During the prevalence of the disease a Board of Health was established, large sums of money raised, a hospital prepared on the Claddagh, the poor were supplied with comforts, medicine and clothes. The beds and clothes of those who died were burned. The dead were wrapped in tarred sheets, confined and buried immediately and the graves to prevent them being reopened marked ‘cholera’.

Castletown and the south of the Island escaped the 1833 outbreak. This outbreak started about the beginning of August but there is very little evidence to prove this. There were 19 deaths in one week in Douglas reported in the Manx Sun of August 23rd but cholera was not mentioned.

In the next week’s edition the readers are informed that Douglas has one case of cholera but is in a healthy state, fifteen deaths are recorded on another page.

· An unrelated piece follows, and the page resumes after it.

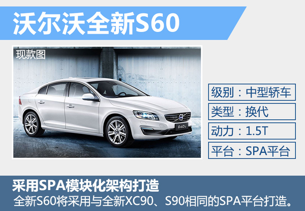 现款沃尔沃S60自2010年正式推出,经过了多次改款,在豪华中型轿车市场中具有一定的竞争力。一般欧系车的换代周期为7年左右,问世已过5年的现款S60将有望迎来换代。沃尔沃此前公布的最新产品规划,未来旗下60系列与90系列的所有车型都将采用其最新研发的SPA模块化架构。未来,全新一代的S60就将基于SPA平台打造,新车预计将在外观,配置,动力等多个方面,进行全面的升级换代。

A small note at the end of the register of deaths for St. George’s Church gives the following: 36 deaths in August and 27 deaths in one week in September.

Cholera had broken out in Ramsey, it had been taken there from Douglas by a visitor. This is reported in the Manx Sun of September 6th.

On June 25th under the heading ‘Fashionable arrivals’ there is a list of people such as Mr. and Mrs. Mostyn, R.N., Lord Gort etc. Cholera has not got newspaper space even in the back pages, but on Sept. 20th it is reported that “cholera in Douglas has ceased. Not one fresh case had been reported for the last five days”. The article goes on to thank the magistrates, the Board of Health, the officiating surgeons, the medical gentlemen for their zeal and anxious attention. This article ends thus:- “We should feel more grateful if we could report as favourably of Ramsey. During the last week four or five fatal cases have occured, and one at Kirk Andreas.”

The stranger who had gone to Ramsey taking the cholera to that town had been put up in an Inn. He must have become infected in Douglas and was incubating the disease on his way to Ramsey. This means that he must have stayed in Douglas either with friends or at an inn. (The visitors arriving by ship were taken past the infected area of Douglas on route to the new popular ‘Castle Mona Hotel’. An unlikely place to pick up cholera as it had its own water supply which at that time was probably quite safe to drink).

The stranger must have drank water or other drink which had been contaminated by the excreta from the bowel of a person suffering from cholera. Due to the diarrhoea of cholera, a patient can lose up to 20 litres of fluid in a day. That fluid would be teaming with active cholera germs in search of another human being. In 1832/33 Douglas was getting its water supply from water carts and wells, (the men filling their carts from the river just below the place where the women were washing the infected linen), there was no sewerage disposal. Farmers were asked to clear the middens before midday. The cholera vibrio does not travel to any other part of the body, it remains in the gut, does not injure the intestine but makes the cell lining the walls to pour out the body fluid (said to be due to the toxins made by the germs).

How did this stranger cause the outbreak of cholera in Ramsey? Eight people died from the disease within one week. This makes it more than probable that the drinking water had become contaminated by the ‘stranger’s infected excreta’.

The High Bailiff had a very difficult task coping with the outbreak. The panic was so great that he himself had to help to lift the bodies into the carts and to accompany them to the grave, even at times had to assist in burying the dead.

By the beginning of October with the colder weather there were no more cases of cholera.